Salah satunya adalah penelitian Claus et al (2012) yang membuktikan
adanya peningkatan resiko yang signifikan terjadinya meningioma setelah
mendapatkan dental X-ray lebih dari enam kali antara usia 15 hingga 40
tahun.
b. Genetik
Umumnya meningioma merupakan tumor sporadik yaitu tumor
yang timbul pada pasien yang tidak memiliki riwayat keluarga dengan
penderita tumor otak jenis apapun. Sindroma genetik turunan yang
memicu perkembangan meningioma hanya beberapa dan jarang.

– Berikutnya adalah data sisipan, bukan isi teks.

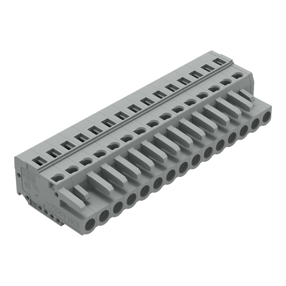 Wago Federleiste 231-115/026-000 Federleiste 15-polig Rastermaß 5 mm/0.197 in mit 2 Rastklinken kodierbar mit Kodiernase mit Rastnase grau Wago Serie 231 EAN Nr. 4044918341974 Warengruppe WAGO Multistecksystem
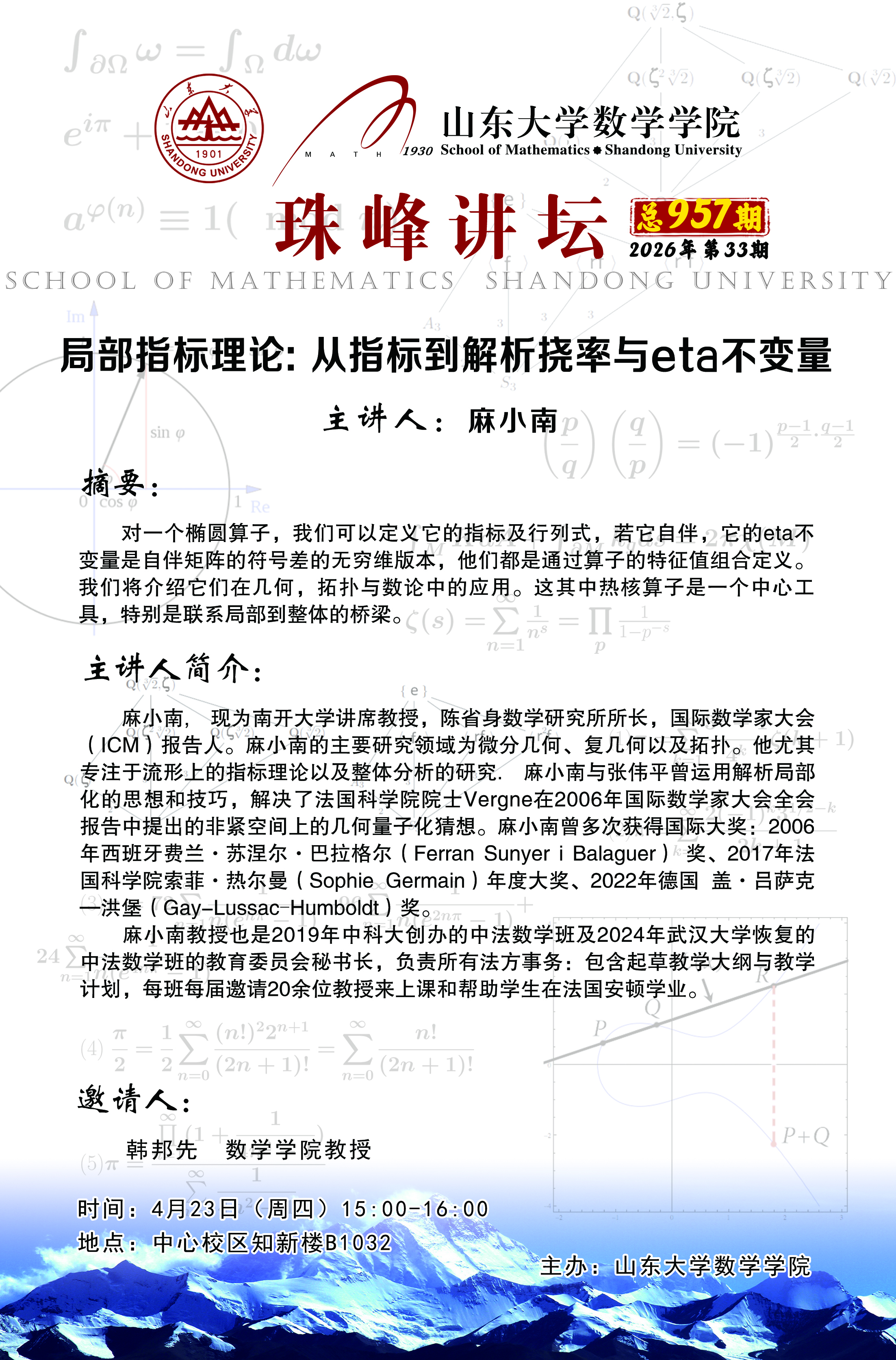 下一条:2026世界杯官网珠峰讲坛第956期:椭圆偏微分方程的向量场方法介绍
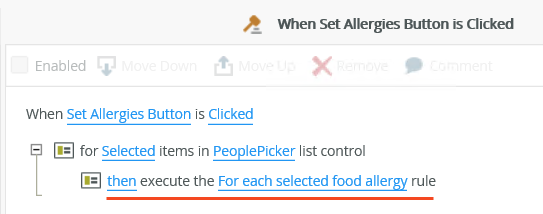 Example 1: Rule with a For each item in a List View condition and the Selected item state to remove multiple selected rows from a list.
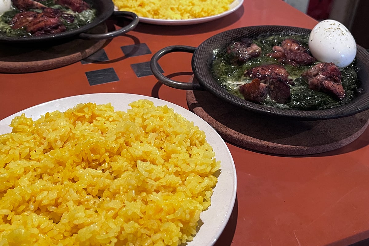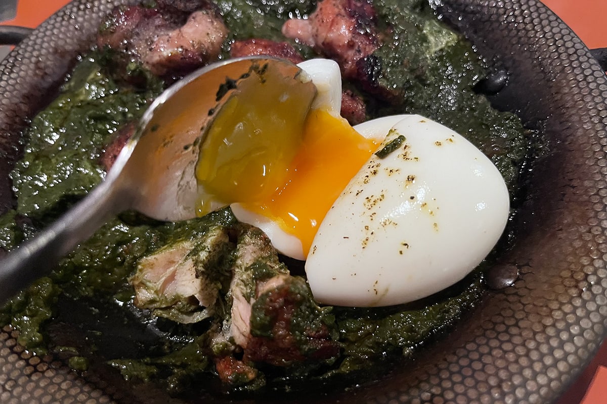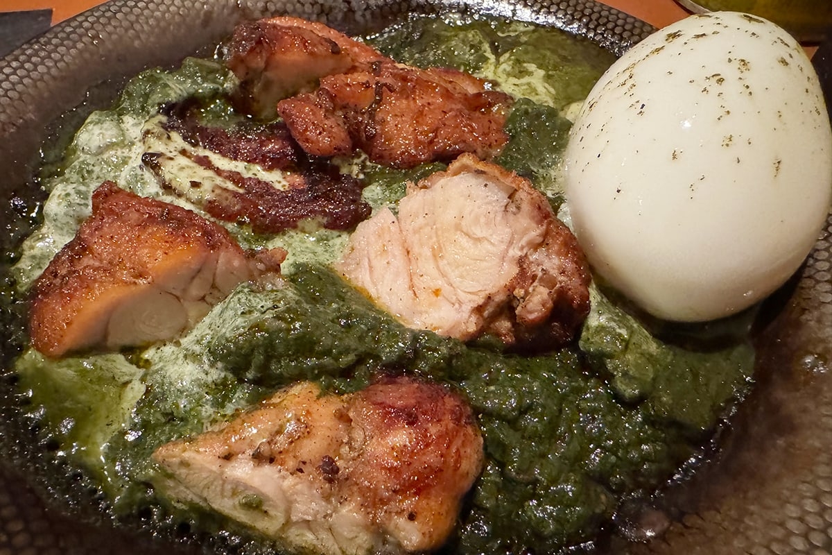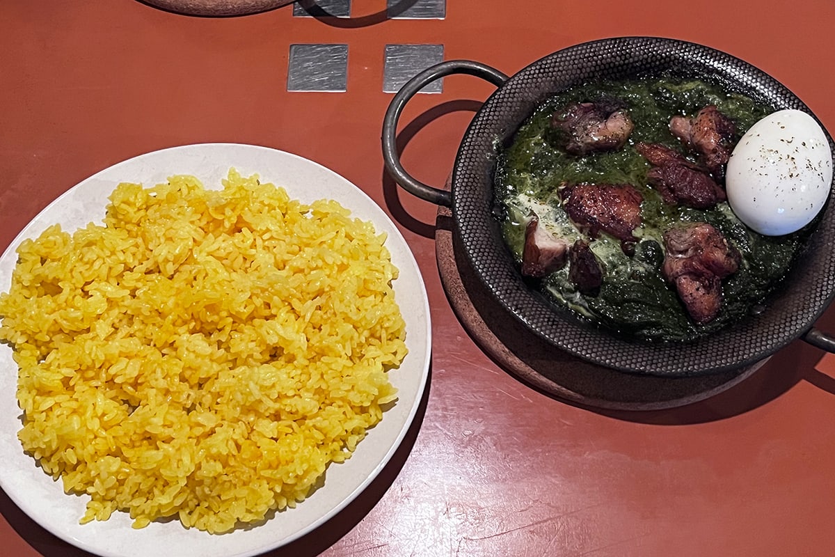 鉄皿に乗せられた、濃厚なルーと黄金に輝くサフランライスが運ばれてくると否応なしにテンションが上がる。ホウレン草の旨味とスパイスが凝縮された深いグリーン、ツヤっとしたオイル感の中に食欲をそそるゴロゴロのチキン。まるで迷彩柄のようなルックスから、ストリートカルチャーを感じずにはいられない佇まい。
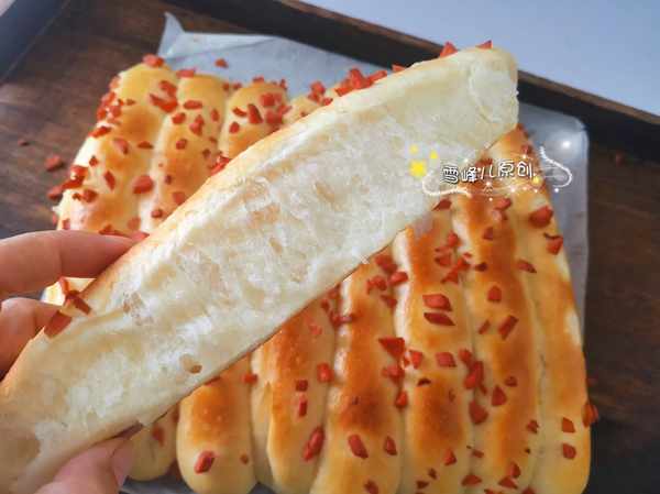 第七步:這樣烤出的麵包暄軟拉絲特好吃,比賣的强多了,喜歡就趕緊試試吧。
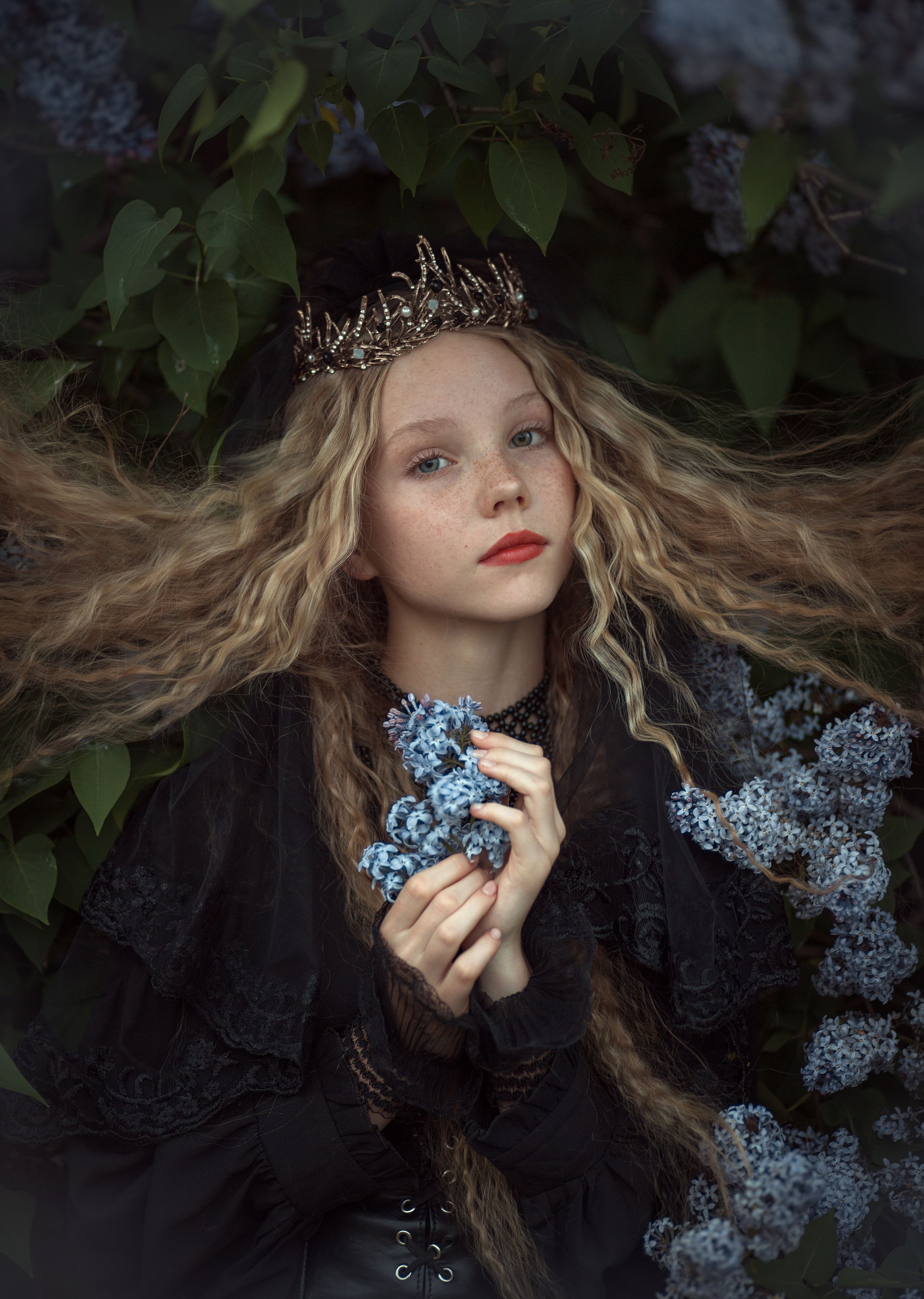 На фотографии запечатлен атмосферный портрет молодой женщины с длинными светлыми волосами, развевающимися на ветру. Она одета в элегантное черное платье и украшена изящной короной, что придает образу сказочное звучание. В руках девушка держит небольшой букет голубых цветов, создавая контраст с темным фоном из зелени. Работа фотографа Тамары Чопоровой передает настроение таинственности и красоты, превращая обычный садовый пейзаж в волшебную декорацию для этого выразительного снимка.
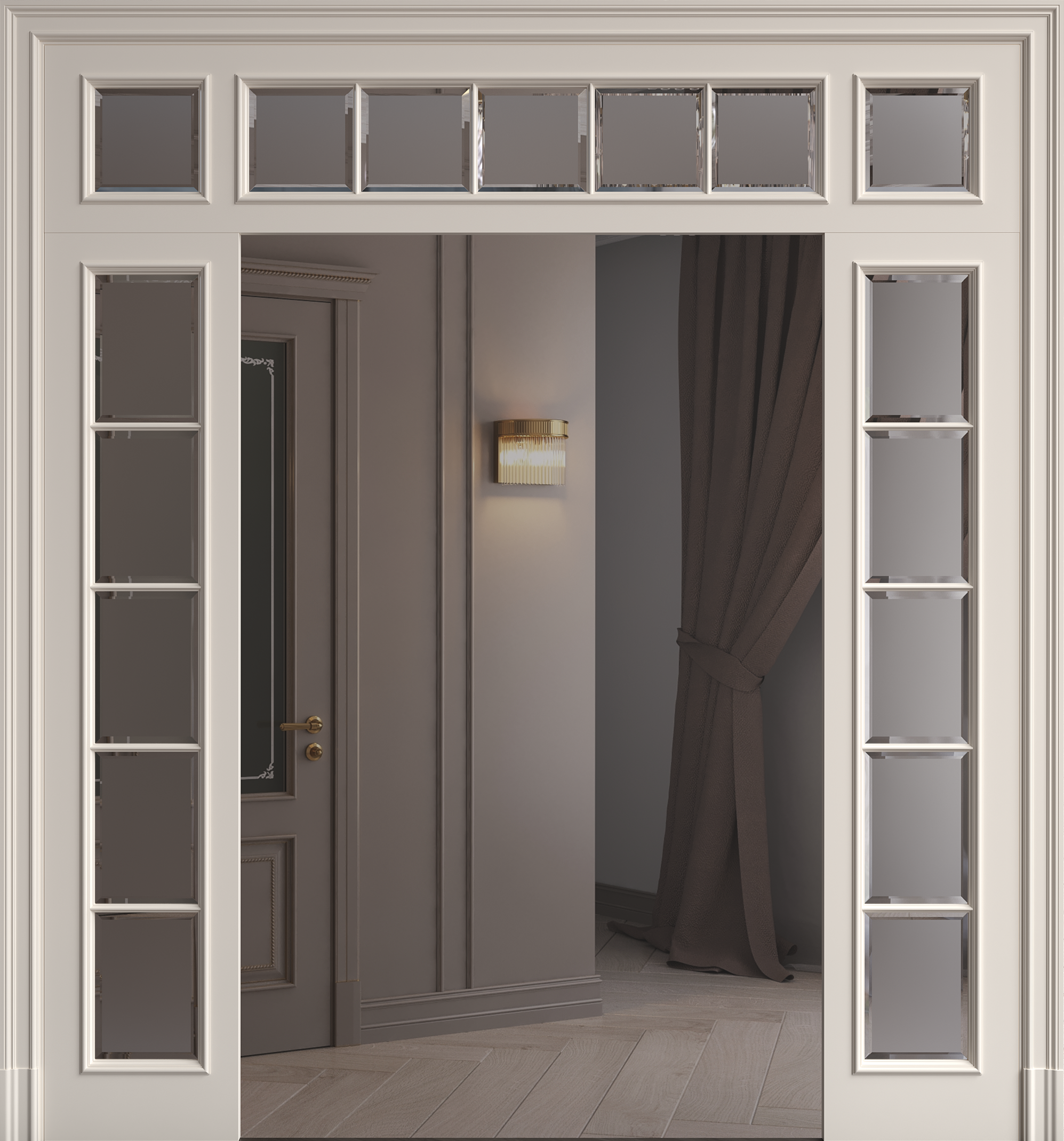 Модель CL-3-12F представляет собой открытую входную группу, дополненную сложной системой фрамуг. Главным отличием этой модификации (индекс «F») является наличие фацета на каждом стеклянном элементе, что визуально «углубляет» конструкцию и превращает обычный дверной проем в роскошный световой объект.

Meningioma sering dijumpai pada penderita dengan Neurofibromatosis
type 2 (NF2), yaitu Kelainan gen autosomal dominan yang jarang dan
disebabkan oleh mutasi germline pada kromosom 22q12 (insiden di US: 1
per 30.000-40.000 jiwa). Selain itu, pada meningioma sporadik dijumpai
hilangnya kromosom, seperti 1p, 6q, 10, 14q dan 18q atau tambahan
kromosom seperti 1q, 9q, 12q, 15q, 17q dan 20q.8,9
Penelitian lain mengenai hubungan antara kelainan genetik spesifik
dengan resiko terjadinya meningioma termasuk pada perbaikkan DNA,
19
regulasi siklus sel, detoksifikasi dan jalur metabolisme hormon. Penelitian
terbaru fokus pada variasi gen CYP450 dan GST, yaitu gen yang terlibat
dalam metabolisme dan detoksifikasi karsinogen endogen dan eksogen.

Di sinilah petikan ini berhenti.